## Task details
Reproduce every record below exactly as written, but leave out any pictures.

## Material shown

----------------

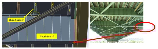 Table 3a lists the maximum vertical (XX) and horizontal (YY) strains recorded by the four rosettes located on the east side of the bridge while the truck crossed the northbound bike lane (twice). Note that if E = 29,000 ksi, the value of 100 με corresponds to 2.9 ksi of stress. The sensors did not peak simultaneously. For example, the maximum YY strain at FB19-EAST-IN (equal to −79.4 με) did not occur when sensor FB19-EAST-OUT experienced its maximum value of −12.7 με. When this was the case, an asterisk on Table 3 indicates the strains recorded at the same instant. This choice enables the comparison of the numerical calculations computed with a truck at a specific bridge location and the consequent deformation across the neighboring sensors. Table 3b lists the results associated with the rosettes located on the west side of the bridge when the truck crossed the southbound right lane (twice). The experimental values listed in the table were extracted from the tables reported by the company responsible for the truck test and made available to the authors of this article by the project sponsor. The asterisks label those values extrapolated from the strain waveforms presented in the mentioned report. Table 3 shows that the experimental strains recorded by the sensors that are equidistant from the centerline of the bridge did not deform evenly. For example, the FB01-East-IN rosette responded differently during two identical crossings (−73.40 με vs. −57.5 με). Similar considerations can be made for FB19-West-Out along the YY direction (22.00 με vs. 28.00 με). This mismatch may be attributed to experimental uncertainties, including the fact that the sensors are bonded to areas of stress concentration. Despite the complexity of the structure, the numerical results under pristine conditions overall agreed well with the experimental values. The rightmost column of each graph quantifies the percentage difference between the original design and the numerical damaged scenario. For the inner gages, the variation in the predicted strains may be significant. The origin of such variation is illustrated in Figure 9, which explains the difference between the load transferring from the stingers to the floor beams under pristine conditions and under Damage Scenario 3. The third stringer contributed to the load transfer to the floor beams; therefore, some of the truck load was shifted toward the tie girder. Thus, the damage caused more compression at the locations of inner sensors. Similarly, according to the FE model’s results presented in Table 3, the inner sensors in YY direction showed more compression.
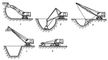 Рис. 2. Схемы многоковшовых экскаваторов: а — неповоротный цепной на железнодорожном ходу с боковой разгрузкой; б — то же однопортальный; в — поворотный цепной на гусеничном ходу; г — роторный; д — цепной, траншейный; е — цепной отвальный.
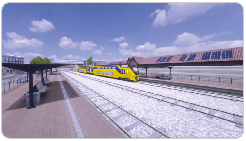 The environment offers views of both urban edges and Dutch farmlands, reflecting its transitional location. While primarily inspired by Dutch train stations, some design elements were influenced by American stations, which is evident in the details and objects placed on the platforms.
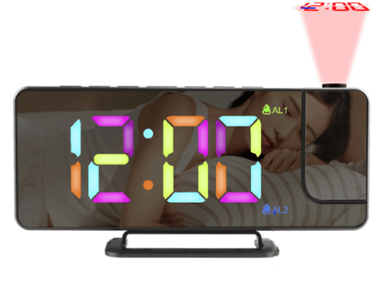 Wow, dieser Wecker projiziert die Uhrzeit in roten Ziffern an deine Wand oder Decke! Perfekt für alle, die nachts nicht die Brille suchen wollen oder einfach was Besonderes möchten. Die Projektion bleibt bei jedem Tastendruck 10 Sekunden aktiv und lässt sich um 90 Grad drehen - super praktisch! Mit 10-Minuten-Schlummerfunktion, die maximal 6 Mal wiederholt - ideal für alle Morgenmuffel. Das coole Feature: Die Sprachfunktion sagt dir auf Englisch die aktuelle Uhrzeit an. Du kannst zwischen 5 verschiedenen Alarmtönen wählen, da ist für jeden Geschmack was dabei. Das LCD-Display zeigt zusätzlich Zeit und Temperatur mit grüner Hintergrundbeleuchtung an - alles gut ablesbar. Ob im Schlafzimmer, Büro oder Gästezimmer - dieser Wecker ist ein echter Hingucker! Einfach auf den Nachttisch stellen, zur Decke ausrichten und schon siehst du nachts immer die Uhrzeit, ohne dich groß anstrengen zu müssen. Modern, funktional und sieht dazu noch super stylisch aus! Perfekt für Technik-Fans und alle, die ihr Schlafzimmer aufwerten wollen.
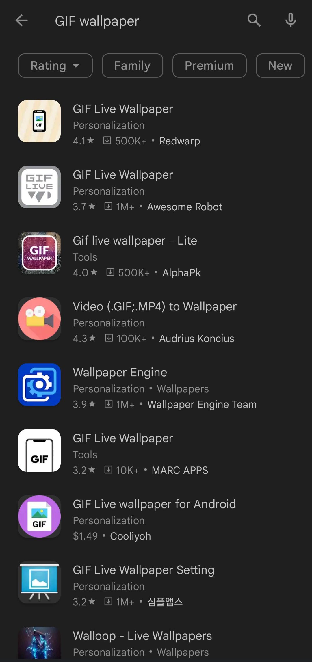 برای تنظیم والپیپر متحرک برای پس زمینه، باید اپلیکیشن مربوطه را دانلود کنید. اپلیکیشنهایی چون GIF Live Wallpaper یا LoopWall که در گوگل پلی در دسترس هستند، میتوانند پاسخگوی این نیاز برای کاربران باشند. البته با سرچ کردن GIF Live Wallpaper تعداد زیادی اپلیکیشن با این نام در گوگل پلی ظاهر خواهد شد که میتوانید از هر کدام از آنها استفاده کنید. نکتهای که راجع به اپلیکیشن LoopWall وجود دارد این است که نسخههای جدید اندروید از آن پشتیبانی نمیکنند؛ در نتیجه به توضیح نحوه استفاده از اپلیکیشن اول میپردازیم.
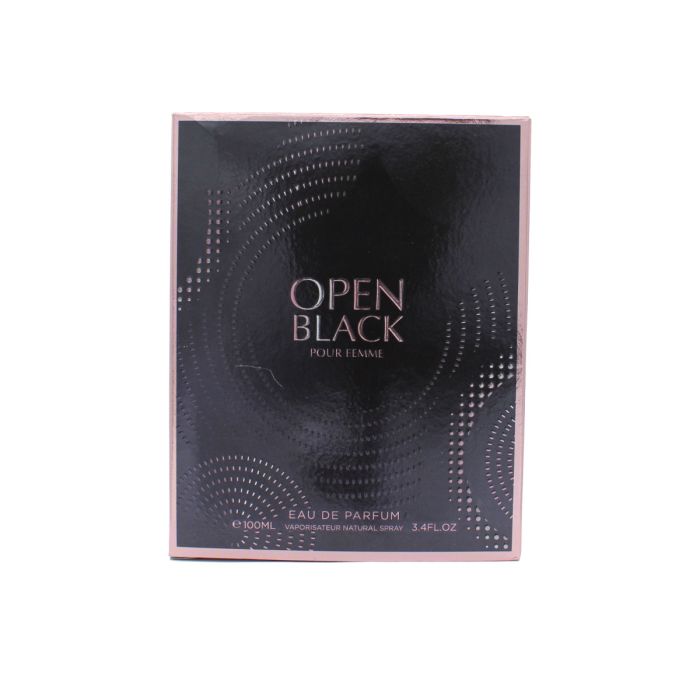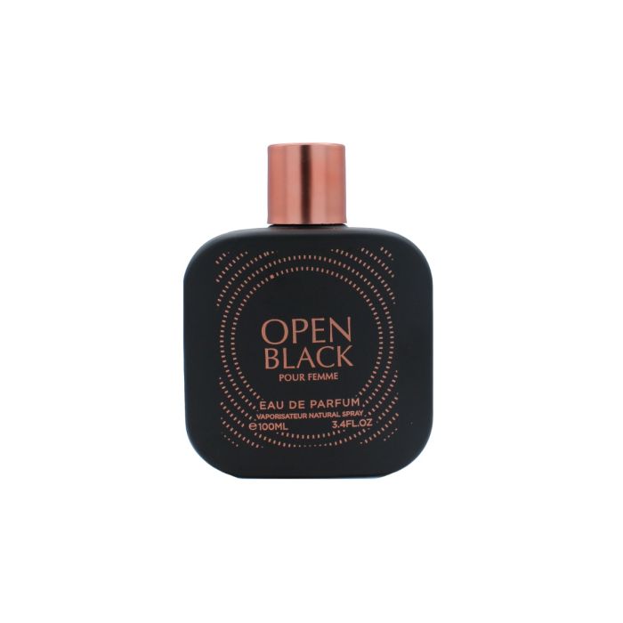 Découvrez Open Black Pour Femme 100 ml de Sterling Perfumes, avec des notes de tête de poivre rose, de cassis, de fleur d’oranger, de poire, avec des notes de cœur d’iris, de café, de jasmin, d’amande et des notes de fond de patchouli, de vanille, de bois de cèdre, de fève tonka.

----------------

## Output below
 Table 3a lists the maximum vertical (XX) and horizontal (YY) strains recorded by the four rosettes located on the east side of the bridge while the truck crossed the northbound bike lane (twice). Note that if E = 29,000 ksi, the value of 100 με corresponds to 2.9 ksi of stress. The sensors did not peak simultaneously. For example, the maximum YY strain at FB19-EAST-IN (equal to −79.4 με) did not occur when sensor FB19-EAST-OUT experienced its maximum value of −12.7 με. When this was the case, an asterisk on Table 3 indicates the strains recorded at the same instant. This choice enables the comparison of the numerical calculations computed with a truck at a specific bridge location and the consequent deformation across the neighboring sensors. Table 3b lists the results associated with the rosettes located on the west side of the bridge when the truck crossed the southbound right lane (twice). The experimental values listed in the table were extracted from the tables reported by the company responsible for the truck test and made available to the authors of this article by the project sponsor. The asterisks label those values extrapolated from the strain waveforms presented in the mentioned report. Table 3 shows that the experimental strains recorded by the sensors that are equidistant from the centerline of the bridge did not deform evenly. For example, the FB01-East-IN rosette responded differently during two identical crossings (−73.40 με vs. −57.5 με). Similar considerations can be made for FB19-West-Out along the YY direction (22.00 με vs. 28.00 με). This mismatch may be attributed to experimental uncertainties, including the fact that the sensors are bonded to areas of stress concentration. Despite the complexity of the structure, the numerical results under pristine conditions overall agreed well with the experimental values. The rightmost column of each graph quantifies the percentage difference between the original design and the numerical damaged scenario. For the inner gages, the variation in the predicted strains may be significant. The origin of such variation is illustrated in Figure 9, which explains the difference between the load transferring from the stingers to the floor beams under pristine conditions and under Damage Scenario 3. The third stringer contributed to the load transfer to the floor beams; therefore, some of the truck load was shifted toward the tie girder. Thus, the damage caused more compression at the locations of inner sensors. Similarly, according to the FE model’s results presented in Table 3, the inner sensors in YY direction showed more compression.
 Рис. 2. Схемы многоковшовых экскаваторов: а — неповоротный цепной на железнодорожном ходу с боковой разгрузкой; б — то же однопортальный; в — поворотный цепной на гусеничном ходу; г — роторный; д — цепной, траншейный; е — цепной отвальный.
 The environment offers views of both urban edges and Dutch farmlands, reflecting its transitional location. While primarily inspired by Dutch train stations, some design elements were influenced by American stations, which is evident in the details and objects placed on the platforms.
 Wow, dieser Wecker projiziert die Uhrzeit in roten Ziffern an deine Wand oder Decke! Perfekt für alle, die nachts nicht die Brille suchen wollen oder einfach was Besonderes möchten. Die Projektion bleibt bei jedem Tastendruck 10 Sekunden aktiv und lässt sich um 90 Grad drehen - super praktisch! Mit 10-Minuten-Schlummerfunktion, die maximal 6 Mal wiederholt - ideal für alle Morgenmuffel. Das coole Feature: Die Sprachfunktion sagt dir auf Englisch die aktuelle Uhrzeit an. Du kannst zwischen 5 verschiedenen Alarmtönen wählen, da ist für jeden Geschmack was dabei. Das LCD-Display zeigt zusätzlich Zeit und Temperatur mit grüner Hintergrundbeleuchtung an - alles gut ablesbar. Ob im Schlafzimmer, Büro oder Gästezimmer - dieser Wecker ist ein echter Hingucker! Einfach auf den Nachttisch stellen, zur Decke ausrichten und schon siehst du nachts immer die Uhrzeit, ohne dich groß anstrengen zu müssen. Modern, funktional und sieht dazu noch super stylisch aus! Perfekt für Technik-Fans und alle, die ihr Schlafzimmer aufwerten wollen.
 برای تنظیم والپیپر متحرک برای پس زمینه، باید اپلیکیشن مربوطه را دانلود کنید. اپلیکیشنهایی چون GIF Live Wallpaper یا LoopWall که در گوگل پلی در دسترس هستند، میتوانند پاسخگوی این نیاز برای کاربران باشند. البته با سرچ کردن GIF Live Wallpaper تعداد زیادی اپلیکیشن با این نام در گوگل پلی ظاهر خواهد شد که میتوانید از هر کدام از آنها استفاده کنید. نکتهای که راجع به اپلیکیشن LoopWall وجود دارد این است که نسخههای جدید اندروید از آن پشتیبانی نمیکنند؛ در نتیجه به توضیح نحوه استفاده از اپلیکیشن اول میپردازیم.
 Découvrez Open Black Pour Femme 100 ml de Sterling Perfumes, avec des notes de tête de poivre rose, de cassis, de fleur d’oranger, de poire, avec des notes de cœur d’iris, de café, de jasmin, d’amande et des notes de fond de patchouli, de vanille, de bois de cèdre, de fève tonka.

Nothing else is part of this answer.